The Defendants filed a Motion for Stay with the Second Circuit, asking to be excused from compliance with the District Court’s order while their appeal was pending. At the beginning of June, the Second Circuit held that the Government had to make the two-pill products available immediately, but not one-pill products.
The Government then opted to make Plan B One-Step available, rather than the two-pill products, and so, on June 10, 2013, they submitted a letter to the district court asking if approval of an sNDA from Teva to make Plan B One-Step available OTC without any age or point of sale restrictions would satisfy the April 5, order. On June 12, 2013, the court approved the Government’s proposal, and on June 20, 2013, the FDA announced that it had approved Teva’s request to make Plan B One-Step available OTC. Teva is now distributing the product to pharmacies and grocery stores, including stores that do not have a pharmacy on-site. Because it has now complied with Judge Korman’s order, the Government dismissed its appeal to the Second Circuit on July 23, 2013.

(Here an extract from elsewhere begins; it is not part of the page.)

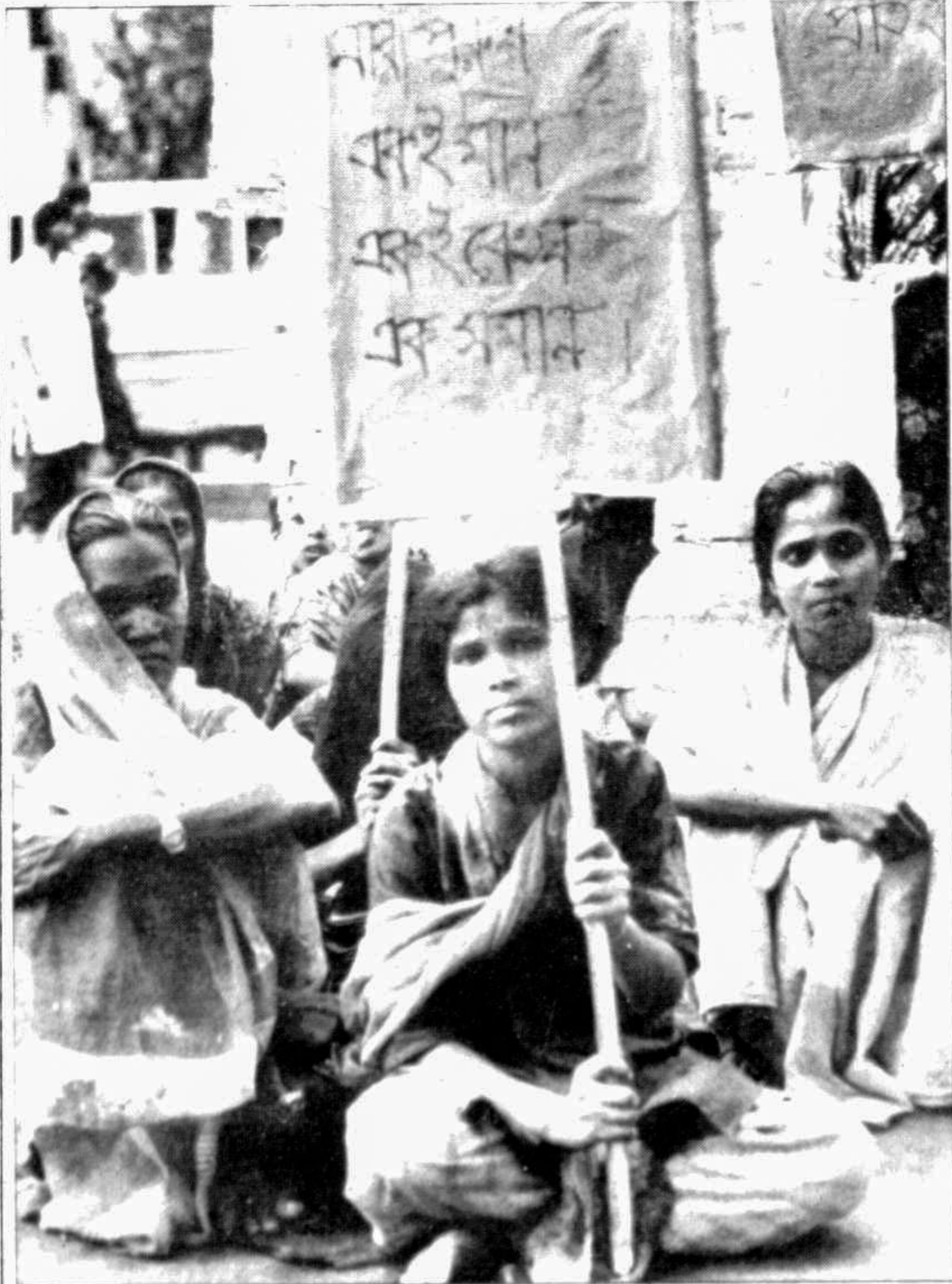
Garment employees held a rally in front of National Press Club demanding equal pay for men and women.

By Staff Correspondent The 11th death anniversary of President Ziaur Rahman will be observed today (Saturday). Shahed President Zia, a valiant freedom fighter and founder of the Bangladesh Nationalist Party (BNP) was assassinated at the Chittagong Circuit House on this day in 1981. The ruling BNP, its front organisations and various socio-cultural bodies have taken up elaborate programmes to observe the day with due respect. The day's programmes include holding Quran Khwani and milad mahfil, offering fatiha and laying wreaths at the mazar of the late President at Sher-e-Bangla Nagar in the city. Besides, discussion meetings on the life and works of the late president will be held in different parts of the country. At the BNP central office, party flag will remain halfmast and black flag will be hoisted marking the day. A Quran Khwani will start at Zia's mazar from 6 in the morning. BNP central leaders will place wreaths and offer fatiha at 9 am. A discussion under the auspices of BNP will be held at the Engineers' Institution at 4 pm. Central leaders of the See Page 12 Col 7

While Plan B One-Step is now out on the shelves in some locations, the FDA unfortunately granted Teva three years of exclusivity, which means that until April of 2016, generic products will only be available for those 17 and older with proof of age, and to women under 17 or without ID by prescription. This decision came in spite of the district court’s plea to the FDA not to grant exclusivity, which would “only burden poor women” by keeping restrictions in place for less expensive products. In spite of this, our long-fought battle over access to emergency contraception has resulted in significantly increased access to a safe and effective means of preventing unwanted pregnancy.